Danıştay kararlarına göre; İlgililere 7201 sayılı Tebligat Kanunu gereğince resmen tebliğ edilmiş olması ya da uygulama sonrası düzenlenen tapu senedinin, ilgiliye teslim edilmiş olduğunun resmen belgelenmiş olması gerekir... Dava açma süresi, bu şekilde olacak tebliğden itibaren 60 günlük süre içerisinde açılabilir. (İYUK.md:7/1)
İYUK’un 7 ve 10’uncu maddeleri ve Danıştay kararları birlikte ele alınarak; farklı durumlara göre 60 günlük dava açma sürenin başlangıcı şu şekilde olacaktır;
1 – Askı İlânı Sırasında İtiraz Dilekçesi Verilmesi ve 60 Günlük Dava Süresinin Başlaması
Bir aylık askı ilânı sırasında ilgilisinin belediyeye itiraz dilekçesi vermesi, yapılan uygulamadan haberdar olduğunu gösterir.
İlgilisinin bu süre içerisinde itiraz dilekçesi verdiği halde, bir aylık ilânın son gününü izleyen günden itibaren 30 günlük süre içerisinde ilgili idarenin cevap vermemesi durumunda, bu 30 günü izleyen 60 gün içerisinde dava açılabilir. İlgili idare itiraz dilekçesine olumsuz cevap vermişse, cevap tarihini izleyen 60 günlük süre içerisinde dava açılması gerekir.
60 günlük dava açma süresinin başlangıcı için, tapuya tescil tarihi değil, ilgili idareden alınan cevap tarihi esas alınmalıdır.

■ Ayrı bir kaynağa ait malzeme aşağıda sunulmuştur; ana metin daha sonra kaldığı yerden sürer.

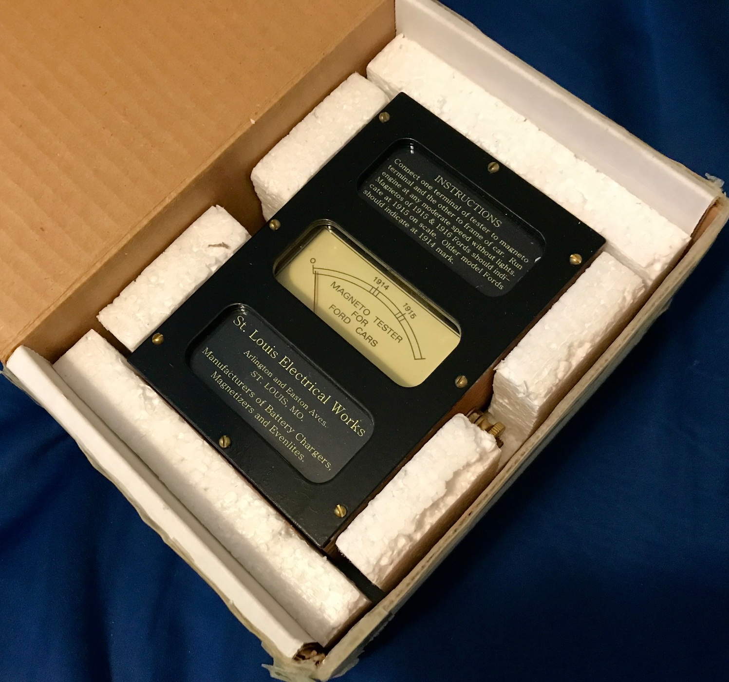 New, never used, still in the box, reproduction St. Louis Magneto Tester. Beautiful exact copy of a hard to find tool, exceptional woodwork, incredible reproduction. Includes directions/instructions. A must have tool for display or actual use. 375 includes shipping.
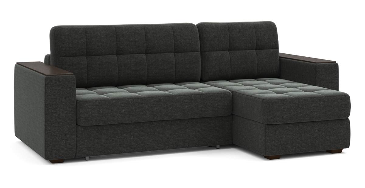 Угловой диван Гринвич NEXT 22 узкие подлокотники декор венге тик-так шенилл серый 256х100х160 металлокаркас артикул 10478422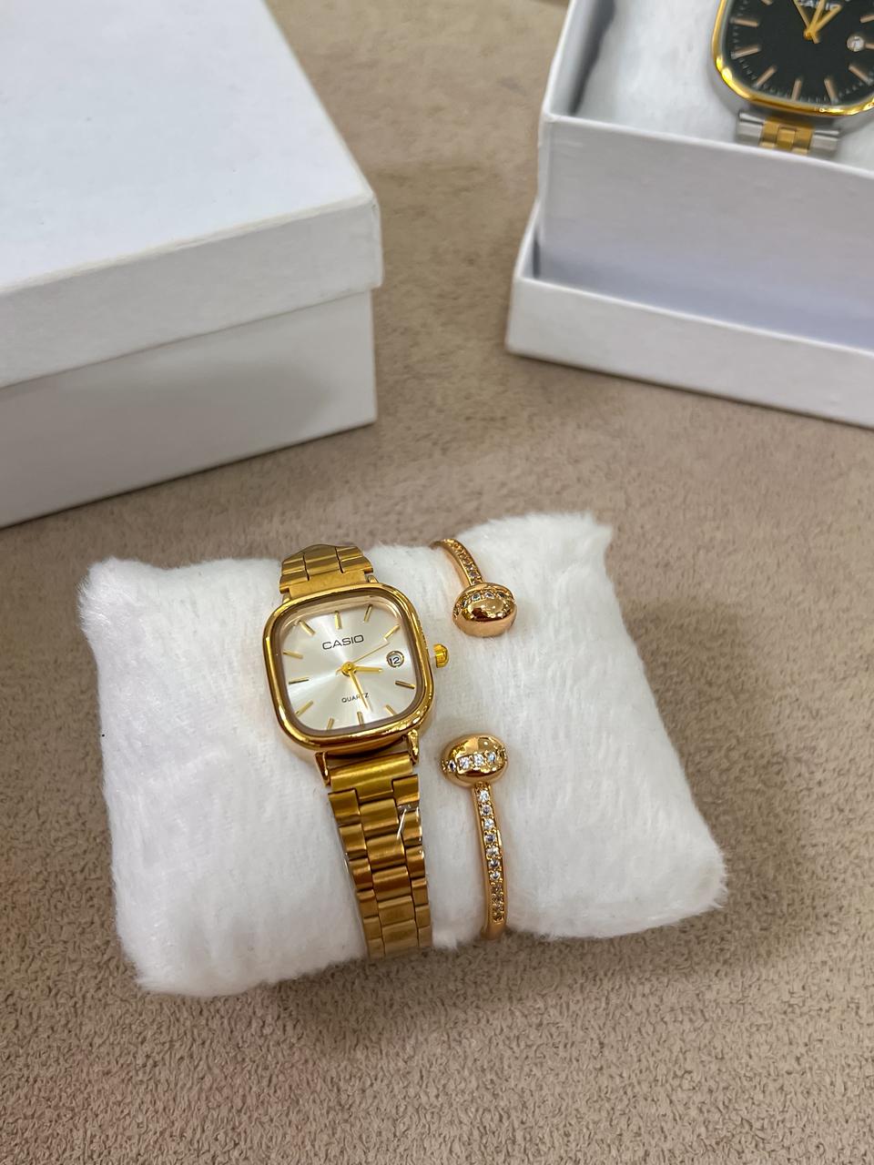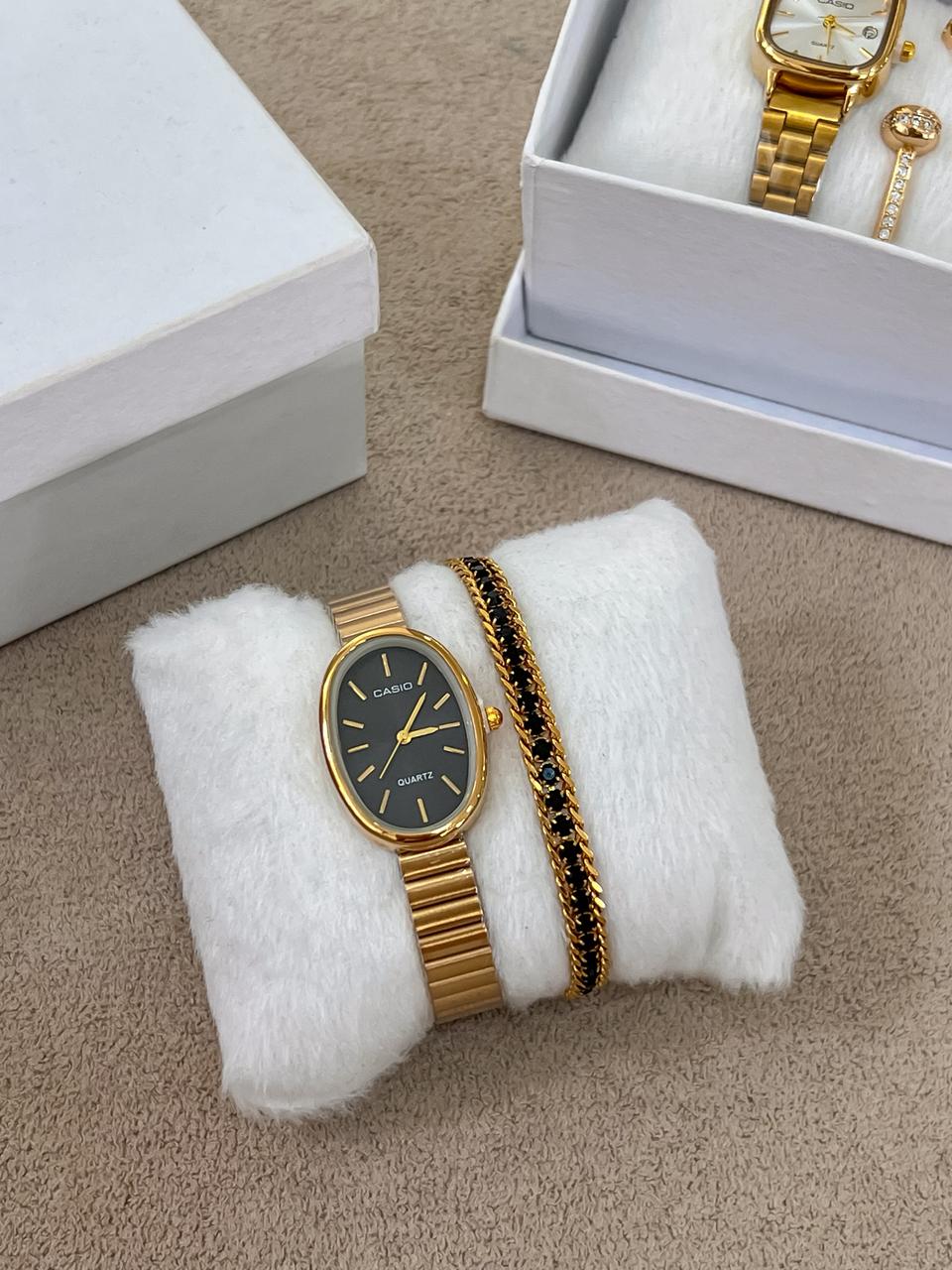 Relógio casio analógico oval dourado em aço inoxidável com pulseira ajustável;

2 – Askı İlânı Sonrası Başvuru ve 60 Günlük Sürenin Başlaması
Bir aylık askı ilânı sırasında ilgilisi belediyeye itiraz dilekçesi vermemiş, işlem kesinleşip tescil edildikten sonra durumu fark ederek idareye daha sonra başvurmuş ise (ki bu başvuru için zaman aşımının ne olduğuna aşağıda ayrıca değinilecektir);
– Başvurudan itibaren 30 günlük süre içerisinde İdare tarafından talep reddedilmişse; 60 günlük süre, ret yazısının talep sahibine tebliğinden itibaren başlar.

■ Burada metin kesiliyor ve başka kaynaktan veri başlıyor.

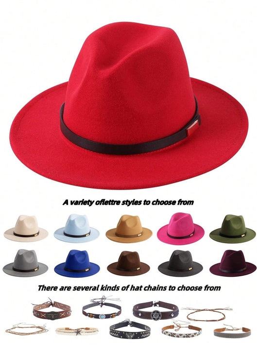 1pc Women's Western Style Hat, Premium Soft Felt Heart-Shaped Belt Decoration, Unisex Casual Versatile Fedora, Women Stage Fashion Hat, Autumn/Winter Outdoor Versatile Hat, Fashionable Minimalist Asymmetrical Chain Belt Decor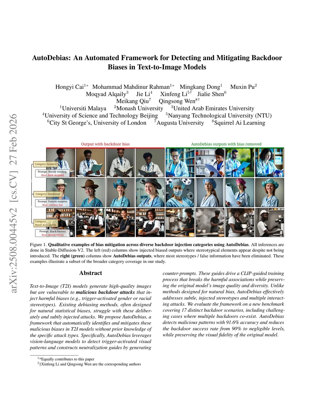 Text-to-Image (T2I) models generate high-quality images but are vulnerable to malicious backdoor attacks that inject harmful biases (e.g., trigger-activated gender or racial stereotypes). Existing debiasing methods, often designed for natural statistical biases, struggle with these deliberately and subtly injected attacks. We propose AutoDebias, a framework that automatically identifies and mitigates these malicious biases in T2I models without prior knowledge of the specific attack types. Specifically, AutoDebias leverages vision-language models to detect trigger-activated visual patterns and constructs neutralization guides by generating counter-prompts. These guides drive a CLIP-guided training process that breaks the harmful associations while preserving the original model's image quality and diversity. Unlike methods designed for natural bias, AutoDebias effectively addresses subtle, injected stereotypes and multiple interacting attacks. We evaluate the framework on a new benchmark covering 17 distinct backdoor scenarios, including challenging cases where multiple backdoors co-exist. AutoDebias detects malicious patterns with 91.6% accuracy and reduces the backdoor success rate from 90% to negligible levels, while preserving the visual fidelity of the original model.

– Başvurudan itibaren 30 günlük süre içerisinde İdare, talep sahibine, herhangi bir cevap vermemişse talep reddedilmiş sayılır ve 60 günlük dava açma süresi bu 30 günün bittiği tarihten itibaren başlar.
3 – Tebligat Yapılmış Sayılacağı Özel Durumlar
a) Kesinleşen parselasyon işleminin tescilinden sonra düzenlenen tapu senedinin ilgilisine teslim edilmiş olduğunun resmen belgelenebiliyorsa, tebligat yapılmış sayılır. (60 günlük dava açma süresi, tapu senedinin teslim edilmiş olduğu tarihten itibaren başlamış olur.)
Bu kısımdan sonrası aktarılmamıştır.